Abby Hafer has made this case in detail: The Not-So-Intelligent Designer: Why Evolution Explains the Human Body and Intelligent Design Does Not. 

The Argument from Feelings

It bears repeating that feeling Jesus—or any other deity—in your heart, is evidence for what you’re feeling. The chances you’re picking up vibes about how the Cosmos runs are slim to none—unless you can provide reliable, verifiable, objective data to back up the claim. It’s not hard to locate the source of intense feelings, as Joshi notes: “…it can be demonstrated that in the great majority of cases their ‘feelings’ are the result of prior religious indoctrination” (p. 18).

The Moral Argument

“This argument is probably the weakest of all, for it does not even seek to prove that a god exists but merely that it is socially beneficial for the people to believe in a god…” (p. 19). Joshi notes that people who aren’t religious follow high moral standards, and while many devout people don’t. He also points out that so many of the “moral” teachings found in various scriptures are “the products of barbarism, are unsuited for a civilized society…” (p. 19). The list of barbarisms is obvious, including the acceptance of slavery and misogyny. And we all know the horrors committed by Christian fanatics for centuries: the Crusades, the Inquisition, virulent anti-Semitism.  

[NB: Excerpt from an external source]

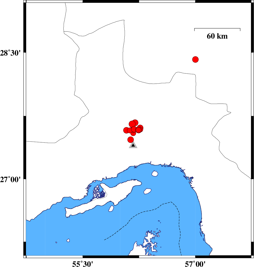 | 2021/11/30 | 22:44:37.2 | 02:14:37.2 | 27.583 | 56.243 | 12 | ML3.3 | Hormozgan Province, 45 km North of Bandar-e abbas | ||

While Joshi’s focus in this Introduction is exposing the weaknesses of common arguments for god, he mentions briefly the problem of evil that has “dogged religious thinkers for centuries” (p. 24). And indeed this problem abolishes the credibility of theism. Major and minor catastrophes, which have caused so much suffering for millennia, rule out the Christian claim that there is a caring, attentive, competent god. Here’s another headline that caught my attention this week: Robert Hébras, last survivor of World War II Oradour-sur-Glane massacre, has died. 

This another case of Christians tuning out: Oradour-sur-Glane is far beyond their horizon of awareness. On 10 June 1944, German troops retreating from France vented their rage on this small village, killing 643 people: the men had been herded into barns, shot, and then the barns were burned. The women and children were locked in the church and machine-gunned to death. In the church. Robert Hébras was shot several times, but managed to crawl out from under corpses and escape. He dedicated much of his life to telling the story of the massacre, and working for French-German reconciliation. The ruins of the village are preserved as a memorial.

Without resorting to “god works in mysterious ways” and “god has a bigger plan that we don’t know”—both of which are techniques for not thinking—Christians need to always keep Oradour-sur-Glane in mind: women and children massacred in the church. Their god just watched. 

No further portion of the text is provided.